In the mid-to-late 1990s and early 2000s, Havana’s Afro-Cuban music became a platform for interpellating the nation amidst escalating economic hardship. A notable example is Los Van Van’s arrangement of Eloy Machado’s Soy Todo (1996), illustrating how Afrocentric expressions serve as cultural and political interventions during crises. Urban hip-hop artists like Papi El Grande similarly articulate profound human-divinity connections, asserting that “hip-hop was sacredly granted to Cuba by Olófi” (Habana Hiphop 2019), one of the aspects of the Supreme Divinity in Yorùbá cosmology. Such invocations align with Ivor Miller’s concept of Afro-Cuban rhythmic and vocal articulations as alliances with divinities against ideological oppression (2000, 30-55).

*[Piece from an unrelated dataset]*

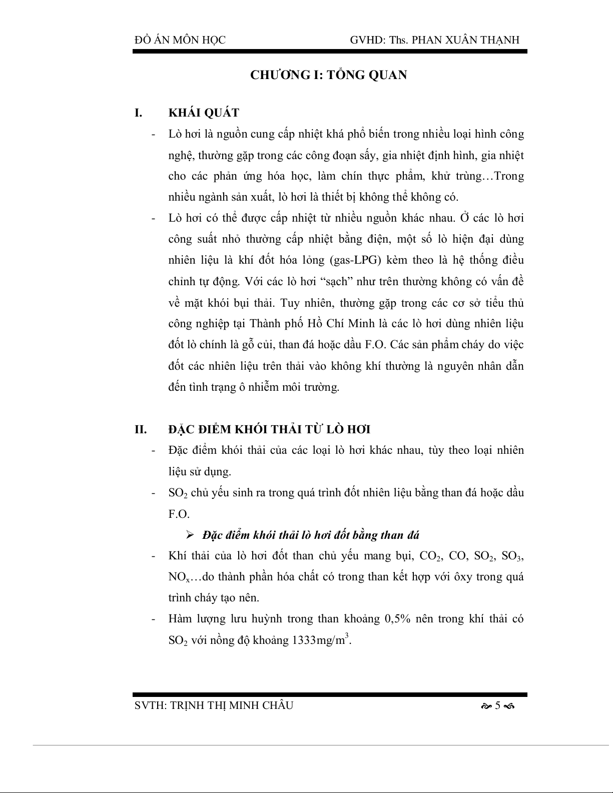 - Khí thải của lò hơi đốt than chủ yếu mang bụi, CO2, CO, SO2, SO3,

Utilizing the notion of sonic gestures (Herrera Veitia & Levine, Forthcoming), this study examines the public and private character of urban Afro-Cuban music as a historically situated spiritual, affective, and territorial emplacement (Vaughan 2012). By employing Òrìṣà/Ifá oracular divination figures as a theoretical framework (Abimbola 1976), I explore how artists draw from sacred traditions to enact territoriality and contest state ideology in a context marked by systemic racial exclusion (de la Fuente 2001). This presentation argues that by analyzing the connections between historical and contemporary sonic gestures, urban Afro-Cuban music actively shapes Cuba’s sociopolitical landscape, bridging past and present through shared experiences of joy and suffering within diverse musical publics.

 

My body is in Cuba but my mind is in Africa

Ivor Miller
N/A

First-generation African forced migrants in Cuba experienced dissociation of mind and body, with the mind remaining in Africa while the stolen body was trapped in plantation labor, as expressed in the Cuban Abakuá phrase: “My body is in Cuba but my mind is in Africa” (Miller 2009, 37). Nevertheless, as part of the cultural syncretism in the American colonies that Ortiz called trans-culturación, African words remained in fixed ritual phrases, while the African ‘mind’ was virally communicated in clave-driven musical patterns and nonverbal, scatted syllabic phrases in street processions and ballroom shows, composed and performed with African folkloric elements by, and for, Cuban and Boricua immigrants. While commercial interests mined these treasures as “Fania salsa,” a counter-movement of salsa consciente refocused dancers on historic oppressions and liberations (Espinoza 2021). Through this dialectic of mind and body, the social/cultural/political spark of afro-latinidad spread throughout the Americas in the form of popular music and associated community-building rites, through which “the historical memory of a bad colonial inheritance... embedded in the leisure-form... [was] continually exorcised” (Brennan 2008). Musical examples include Abakuá performances recorded in the USA, such as “Abasí” (Chano Pozo), concluding with segments of Okobio Enyenisón, a 2009 recording led by Abakuá musicians inspired by their encounter with African members of Ékpè, the main source of Abakuá heritage. In the Abakuá language, Okobio Enyenisón means “our brothers from Africa,” identifying these performances as a solution to the mind/body separation.